## [ABOUT THIS TASK]
Return all the lines below, exactly as they read.

* * * * * * * * *

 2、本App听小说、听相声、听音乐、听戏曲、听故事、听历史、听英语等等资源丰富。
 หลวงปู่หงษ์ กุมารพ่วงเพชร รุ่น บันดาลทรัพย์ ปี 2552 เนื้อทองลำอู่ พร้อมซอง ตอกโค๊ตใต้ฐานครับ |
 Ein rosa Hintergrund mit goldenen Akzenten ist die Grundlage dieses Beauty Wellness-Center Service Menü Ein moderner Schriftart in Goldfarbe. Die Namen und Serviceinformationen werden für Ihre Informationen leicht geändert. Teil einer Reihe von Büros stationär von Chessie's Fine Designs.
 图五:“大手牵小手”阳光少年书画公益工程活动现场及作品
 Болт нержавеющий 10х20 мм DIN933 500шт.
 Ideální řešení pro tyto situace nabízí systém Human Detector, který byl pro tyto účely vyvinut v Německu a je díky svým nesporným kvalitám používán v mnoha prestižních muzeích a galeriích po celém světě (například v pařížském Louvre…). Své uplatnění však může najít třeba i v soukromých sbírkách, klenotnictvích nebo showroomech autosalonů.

* * * * * * * * *

## [TASK OUTPUT]
 2、本App听小说、听相声、听音乐、听戏曲、听故事、听历史、听英语等等资源丰富。
 หลวงปู่หงษ์ กุมารพ่วงเพชร รุ่น บันดาลทรัพย์ ปี 2552 เนื้อทองลำอู่ พร้อมซอง ตอกโค๊ตใต้ฐานครับ |
 Ein rosa Hintergrund mit goldenen Akzenten ist die Grundlage dieses Beauty Wellness-Center Service Menü Ein moderner Schriftart in Goldfarbe. Die Namen und Serviceinformationen werden für Ihre Informationen leicht geändert. Teil einer Reihe von Büros stationär von Chessie's Fine Designs.
 图五:“大手牵小手”阳光少年书画公益工程活动现场及作品
 Болт нержавеющий 10х20 мм DIN933 500шт.
 Ideální řešení pro tyto situace nabízí systém Human Detector, který byl pro tyto účely vyvinut v Německu a je díky svým nesporným kvalitám používán v mnoha prestižních muzeích a galeriích po celém světě (například v pařížském Louvre…). Své uplatnění však může najít třeba i v soukromých sbírkách, klenotnictvích nebo showroomech autosalonů.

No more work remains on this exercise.